Initial genetic characterization of the S-OIV outbreak by the United States Centers for Disease Control suggested swine as its probable source, on the basis of sequence similarity to previously reported swine influenza isolates1. Classical swine H1N1 viruses have circulated in pigs in North America and other regions for at least 80 years3. In 1998, a new triple-reassortant H3N2 virus—comprising genes from classical swine H1N1, North American avian, and human H3N2 (A/Sydney/5/97-like) influenza—was reported as the cause of outbreaks in North American swine, with subsequent establishment in pig populations4, 5. Co-circulation and mixing of the triple-reassortant H3N2 with established swine lineages subsequently generated further H1N1 and H1N2 reassortant swine viruses6, 7, 8, which have caused sporadic human infections in the United States since 2005 (refs 6, 7). Consequently, human infection with H1N1 swine influenza has been a nationally notifiable disease in the United States since 2007 (ref. 9). In Europe, an avian H1N1 virus was introduced to pigs ('avian-like' swine H1N1) and first detected in Belgium in 1979 (ref. 10). This lineage became established and gradually replaced classical swine H1N1 viruses, and also reassorted in pigs with human H3N2 viruses (A/Port Chalmers/1/1973-like)11. It is noteworthy that, until now, there has been no evidence of Eurasian avian-like swine H1N1 circulating in North American pigs. In Asia, the classical swine influenza lineage circulates, in addition to other identified viruses, including human H3N2, Eurasian avian-like H1N1, and North American triple-reassortant H3N2 (refs 12, 13).

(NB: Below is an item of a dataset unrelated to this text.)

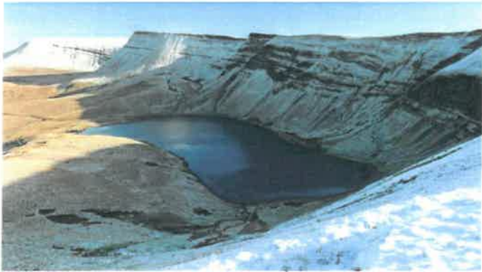
Legend has it Llyn y Fan Fach in Carmarthenshire was one of the gateways to Annwn - the Celtic otherworld.

The spooky traditions of Halloween are often associated with North America, but could the roots of those traditions lie closer to home than we think?

Using comprehensive phylogenetic analyses, we have estimated a temporal reconstruction of the complex reassortment history of the S-OIV outbreak, summarized in Fig. 1 (Methods). Our analyses showed that each segment of the S-OIV genome was nested within a well-established swine influenza lineage (that is, a lineage circulating primarily in swine for >10 years before the current outbreak). The most parsimonious interpretation of these results is therefore that the progenitor of the S-OIV epidemic originated in pigs. Some transmission of swine influenza has, however, been observed in secondary hosts in North America, for example, in turkeys14. Although the precise evolutionary pathway of the genesis of S-OIV is greatly hindered by the lack of surveillance data (see later), we can conclude that the polymerase genes, plus HA, NP and NS, emerged from a triple-reassortant virus circulating in North American swine. The source triple-reassortant itself comprised genes derived from avian (PB2 and PA), human H3N2 (PB1) and classical swine (HA, NP and NS) lineages. In contrast, the NA and M gene segments have their origin in the Eurasian avian-like swine H1N1 lineage. Phylogenetic analyses from the early days of the outbreak, on the basis of the first publicly available sequences, quickly established this multiple genetic origin (refs 8, 15, 16 and http://influenza.bio.ed.ac.uk).
Figure 1: Reconstruction of the sequence of reassortment events leading up to the emergence of S-OIV.

Shaded boxes represent host species; avian (green), swine (red) and human (grey). Coloured lines represent interspecies-transmission pathways of influenza genes. The eight genomic segments are represented as parallel lines in descending order of size. Dates marked with dashed vertical lines on 'elbows' indicate the mean time of divergence of the S-OIV genes from corresponding virus lineages. Reassortment events not involved with the emergence of human disease are omitted. Fort Dix refers to the last major outbreak of S-OIV in humans. The first triple-reassortant swine viruses were detected in 1998, but to improve clarity the origin of this lineage is placed earlier.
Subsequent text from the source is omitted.